Activity -
Pictures excluded, output the lines of the data below between the one holding "Muadress Robe Femme" and the one holding "Beinhaltet einen schwarzen", inclusive, exactly as they stand.

Extracted records -
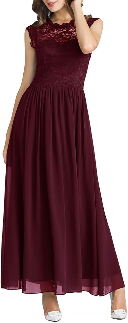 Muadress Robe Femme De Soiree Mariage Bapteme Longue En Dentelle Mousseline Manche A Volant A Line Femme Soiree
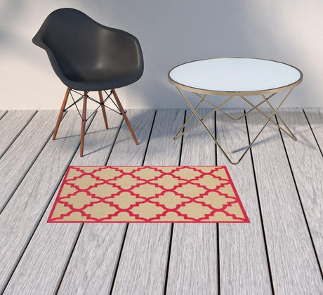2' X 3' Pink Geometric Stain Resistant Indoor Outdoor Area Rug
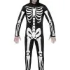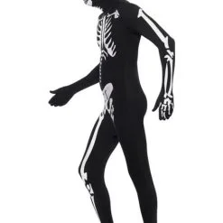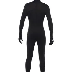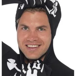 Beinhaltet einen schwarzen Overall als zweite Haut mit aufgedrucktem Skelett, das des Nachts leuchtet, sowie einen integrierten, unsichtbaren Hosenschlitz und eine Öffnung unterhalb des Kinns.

* * *

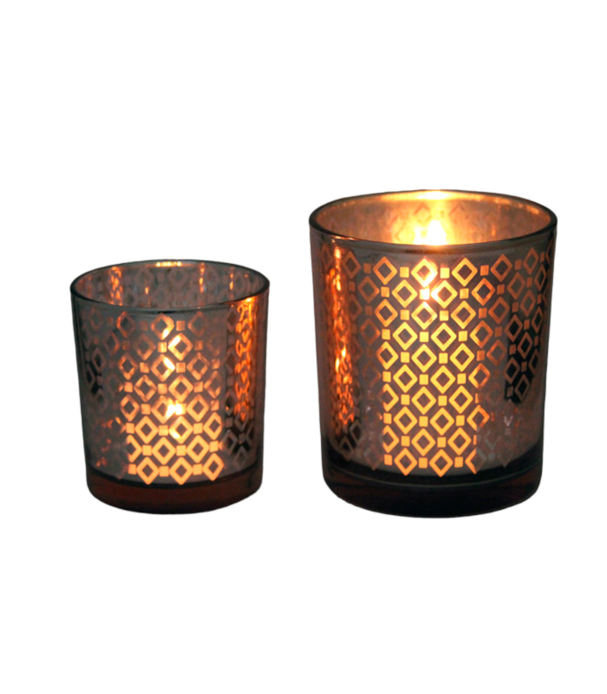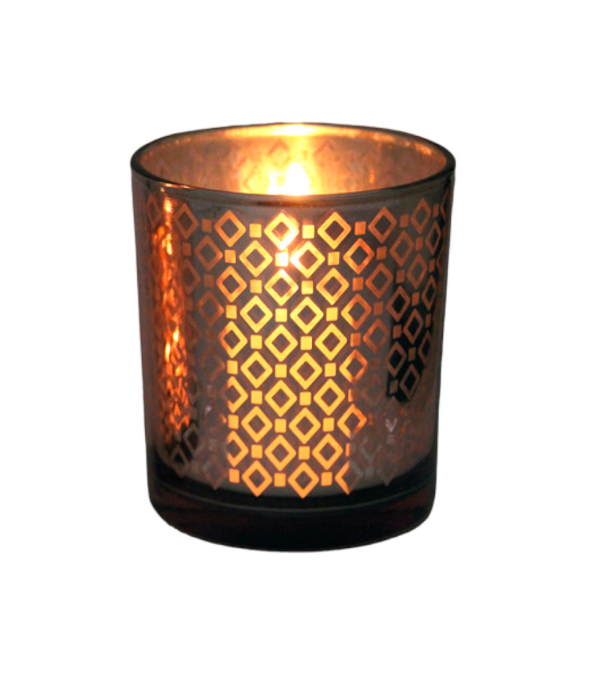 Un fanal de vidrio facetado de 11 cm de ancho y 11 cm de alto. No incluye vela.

Answer space -
 Muadress Robe Femme De Soiree Mariage Bapteme Longue En Dentelle Mousseline Manche A Volant A Line Femme Soiree
2' X 3' Pink Geometric Stain Resistant Indoor Outdoor Area Rug
 Beinhaltet einen schwarzen Overall als zweite Haut mit aufgedrucktem Skelett, das des Nachts leuchtet, sowie einen integrierten, unsichtbaren Hosenschlitz und eine Öffnung unterhalb des Kinns.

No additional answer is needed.